C'est chose troublante car dans l'idéologie de la Turquie républicaine ces trois éléments du triangle sont présents, à savoir le lien très fort avec l'histoire ancienne, un féminisme officiel (incarné notamment par l' « héroisme » de la fille adoptive de Mustafa Kemal Atatürk, l'aviatrice Sabiha Gökçen, qui a participé au bombardement du Dersim en 1938), et le culte du Guide Atatürk. A l'époque de Mustafa Kemal, les idéologues du régime ont cherché à « prouver » que les Turcs avaient été féministes depuis les premiers temps de leur histoire. Exactement de la même manière, les idéologues du PKK cherchent à « prouver » que le féminisme prôné par Öcalan est enraciné dans l'âme kurde depuis des millénaires. Ce lien apparaît dès 2000 dans une revue mensuelle publiée clandestinement dans les montagnes kurdes, Tanrıca Zilan, « La déesse Zilan » ; le mensuel s'inspire, selon l'une de ses fondatrices Peylin Tolhidan, « de la martyre kurde Zilan, et diffuse la politique, la philosophie, la psychologie d'Abdullah Öcalan » (interview de Peylin Tohildan, ANF, 29 juin 2015).
A gauche, Apo posant parmi des combattantes, avec le portrait de Zilan (Serxwebûn, juin 2011). La scène de droite a été publiée sur le site yjs-ybs.com le 27 février 2017
Le discours d'Öcalan et du PKK opèrent, allègrement et sans débat, un amalgame dont les historiens turcs des années trente étaient spécialistes : l'origine du peuple et de la culture kurdes se confondrait avec la civilisation de Sumer (IIIe millénaire avant J.-C.) et les deux cultures seraient identiques. La culture des Sumériens, puis la culture kurde, auraient été matriarcales, et le « patriarcat » n'aurait été introduit chez les Kurdes que très tard, avec la « colonisation », entendons les dominations turque, persane, arabe sur le Kurdistan, puis la colonisation occidentale des XIXe et XXe siècles. Redonner sa place à la femme serait simplement retrouver une certaine authenticité kurde. De même, les réformes d'Atatürk ont été présentées aux écoliers turcs comme un retour aux origines.

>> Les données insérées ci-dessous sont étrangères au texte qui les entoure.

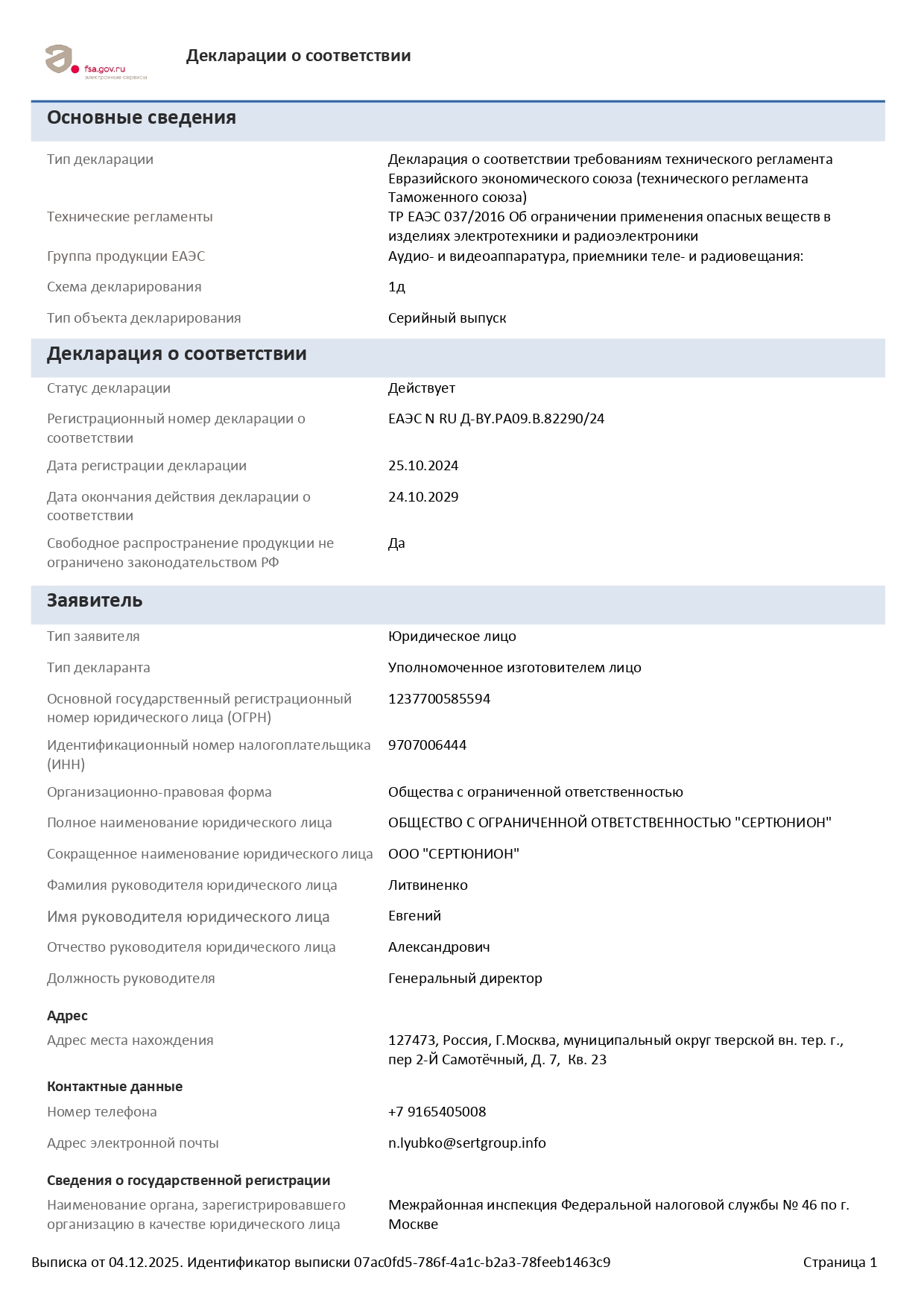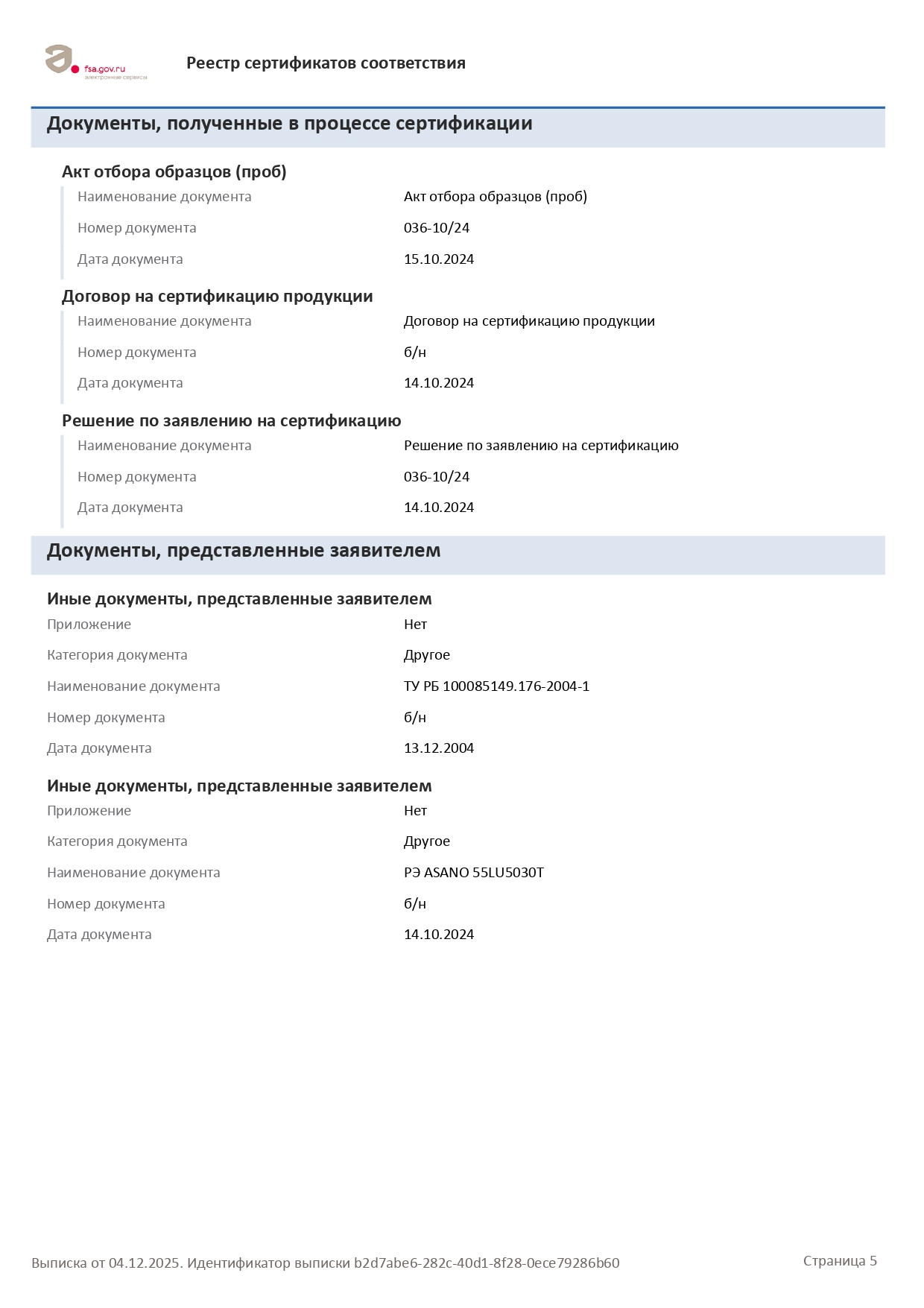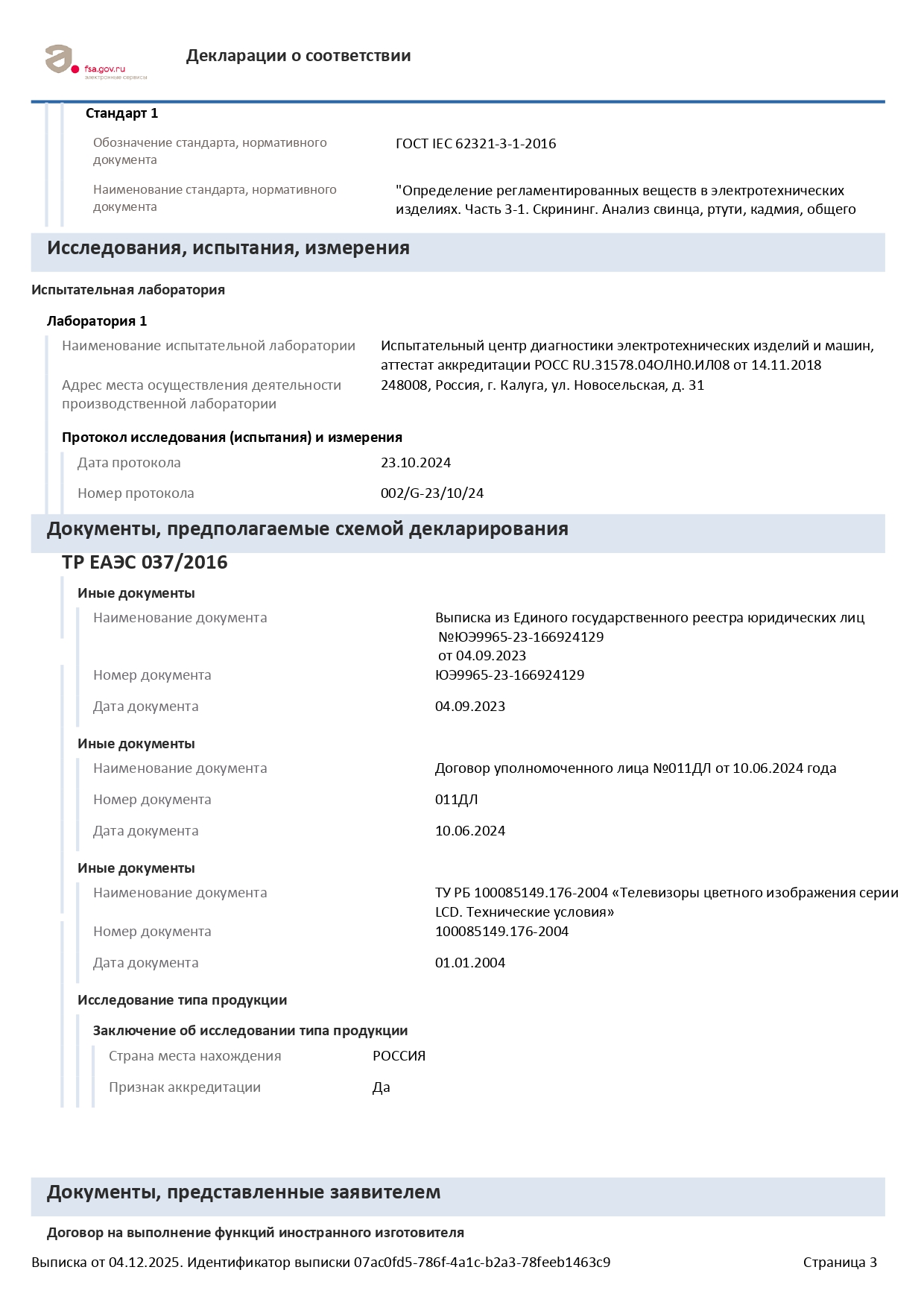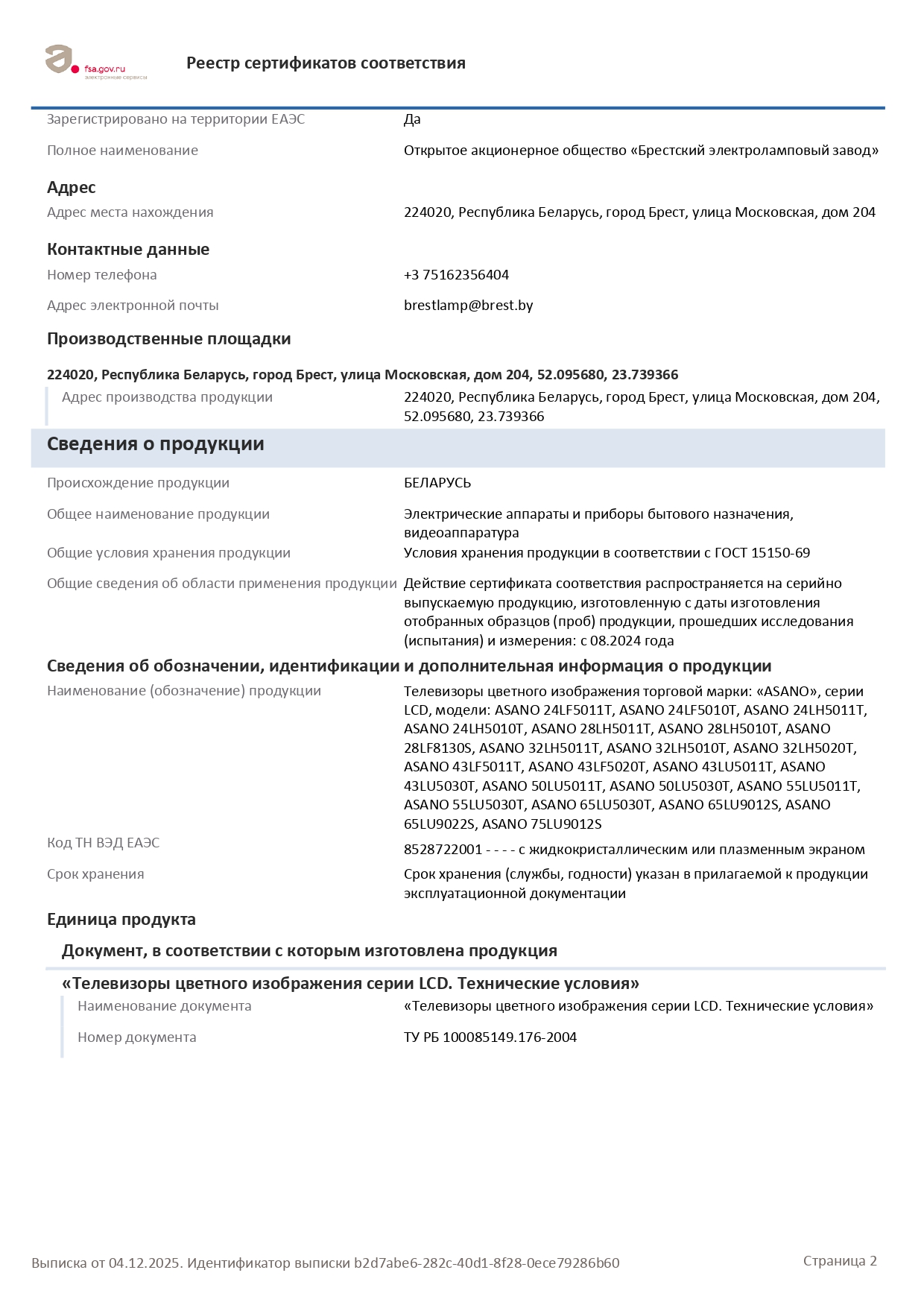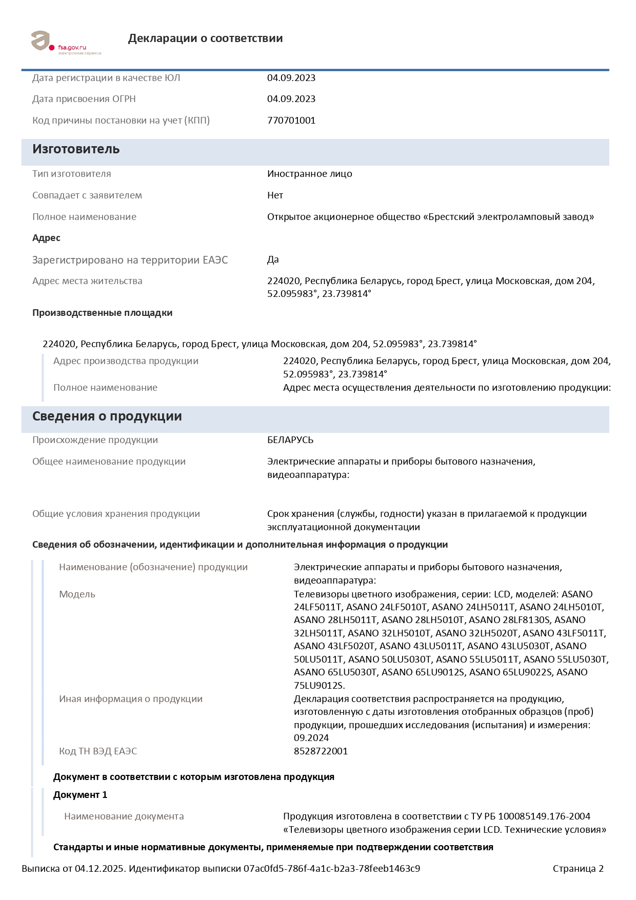 Телевизор ASANO 24LH5010T, 24" (60 см), 1366x768, HD, 16:9, Салют ТВ, Wi-Fi, черный Код товара: 458878 10 766 ₽ Купить Производитель:ASANO Погрузитесь в мир качественного изображения и умных возможностей с ASANO 24LH5010T – компактным 24-дюймовым LED-телевизором с HD-разрешением, идеально подходящим для кухни и спальни или небольшой гостиной! Его стильный черный корпус с закрытыми рамками легко вписывается в любой интерьер, поддержка Smart TV на платформе "Салют ТВ" на базе Android 11 открывает доступ к онлайн-кинотеатрам и другим сервисам без дополнительных устройств. Телевизор оснащён матрицей TFT с Direct LED-подсветкой, частотой обновления 60 Гц, яркостью 200 кд/м2 и контрастностью 3000:1, что обеспечивает чёткое, насыщенное изображение с неизменными цветами. Широкие углы обзора 178° по горизонтали и вертикали позволяют комфортно смотреть контент с любого ракурса. Поддержка технологии Dolby Digital и стереозвука мощностью 6 Вт делают звук насыщенным и объемным. Для подключения внешних устройств предусмотрены 2 порта HDMI 2.0 (с ARC) и 2 порта USB 2.0. Поддержка DLNA, TimeShift и записи видео на USB носитель расширяют возможности использования. Медиаплеер воспроизводит популярные форматы: MP4, MKV, AVI, MP3, JPEG и другие. Габариты (без подставки): 550х335х67 мм, вес – 2,4 кг, поддержка крепления к стене по стандарту VESA 100х100. Объём памяти – 1 ГБ ОЗУ и 8 ГБ ПЗУ, есть родительский контроль и таймер сна. Производитель оставляет за собой право без предварительного уведомления вносить изменения в технические характеристики, комплектацию и конструкцию, не ухудшающие эксплуатационные характеристики изделия.Производство: БеларусьТип экрана: Direct LEDДиагональ экрана: 24" (60 см)Разрешение экрана: 1366х768 pixФормат экрана: 16:9Поддержка HDTV: HD READYПоддержка Smart TV: даПлатформа Smart TV: Салют ТВМощность звука: 6 ВтWi-Fi: даЦифровые тюнеры: DVB-T2Количество HDMI-портов: 2 шт.Поддержка HDMI 2.0: даКоличество USB-портов: 2 шт.Воспроизведение с внешних носителей: даВозможность крепления на стену: даРазмер VESA: 100x100 ммСерия: ASANO50Комплектация: документация, кабель питания, пульт ДУЦвет корпуса: черныйШирина без подставки: 550 ммВысота без подставки: 335 ммГлубина без подставки: 67 ммВес без подставки: 2.4 кгШирина с подставкой: 550 ммВысота с подставкой: 363 ммГлубина с подставкой: 166 ммВес с подставкой (без упаковки): 2.5 кгВес: 3,14 кгРазмер упаковки: 41 × 60 × 10 смОбъём: 0.0246 м3Промежуточная упаковка: 1 штТранспортная упаковка: 1 штШтрих-код: 4814032011714 Файлы Приложение-1.pdf Сертификат-1.jpg Сертификат-2.jpg Сертификат-3.jpg Сертификат-4.jpg Сертификат-5.jpg Сертификат-6.jpg Сертификат-7.jpg Сертификат-8.jpg Сертификат-9.jpg Сертификат-10.jpg Сертификат-11.jpg Сертификат-12.jpg

Dès les années 1980, comme le souligne Handan Çağlayan, le mouvement kurde a utilisé des slogans pour attirer les femmes et appelé celles-ci à participer au combat, jusqu'à la mort, pour atteindre la déification. L'amour de la patrie doit remplacer tout autre forme d'amour : « Combattre c'est se libérer, se libérer c'est s'embellir, s'embellir c'est être aimé(e) » (Çağlayan, 113). Apo aimait être photographié entouré de femmes en treillis militaire, ce qui a alimenté d'ailleurs une certaine ironie dans les médias turcs. Ce féminisme qui intègre les femmes dans le combat fascine les mouvements de gauche et féministes occidentaux. Il est au contraire très critiqué par le mouvement des objectrices de conscience en Turquie, qui dissuadent les femmes (comme les hommes d'ailleurs) de s'engager tant « à la montagne » que dans l'armée (Acara, 77).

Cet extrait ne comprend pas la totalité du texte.